CBO assumes that spending on the subsidies and cost-sharing credits will (“probably”) exceed the threshold, and therefore the additional adjustment is operative (see p. 35 of The Long-Term Budget Outlook).
The chief actuary of the Medicare program, however, has stated (see p. 5 of this analysis) that his office estimates the aggregate spending on the credits will be just barely above the 0.504 percent of GDP threshold in 2018. Consequently, according to the actuaries’ projections, the government’s vouchers in 2019 and beyond would rise roughly in concert with GDP, not the CPI.

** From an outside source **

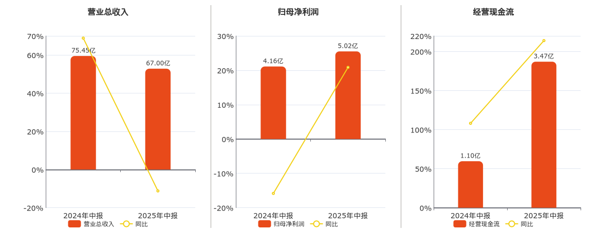 公司营业总收入为67.00亿元,较去年同报告期营业总收入减少8.45亿元,同比较去年同期下降11.20%。归母净利润为5.02亿元。经营活动现金净流入为3.47亿元。
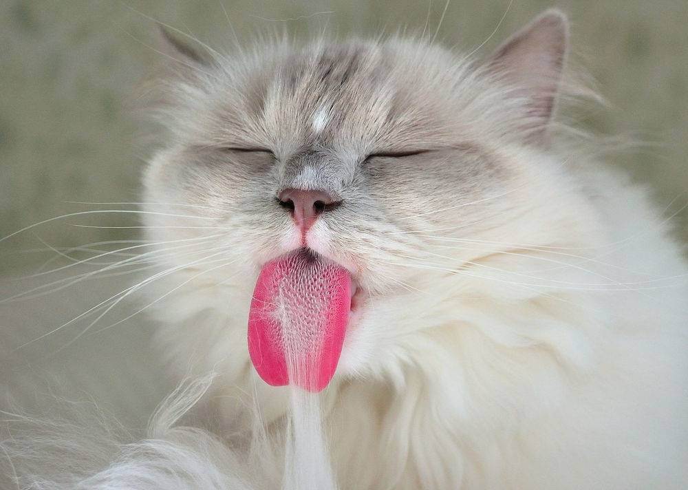 Очень часто можно увидеть, как кошка после длительного умывания сидит с высунутым языком. Возможно так она расслабляет мышцы или медитирует.

To sum up: My column asserted that Obamacare’s exchange vouchers would be tied to consumer inflation. That is apparently not CBO’s interpretation of what the law requires (based on a review of CBO’s current cost projections), although the law is so vague and imprecise that alternative interpretations are certainly possible. The larger point of the column remains valid regardless. Critics of Rep. Paul Ryan’s Medicare plan are on the warpath about vouchers for private insurance falling below baseline expectations of cost growth. The same accusation can be leveled against Obamacare’s vouchers. Indeed, some Obamacare participants would get vouchers that grow at less than the rate of the CPI. And even assuming this apparent interpretation of what the law requires, it is easy to see how allhouseholds in Obamacare’s exchanges would be facing double-digit premium increases each and every year after 2018 if health costs continue to rise as rapidly in the future as they have in the past.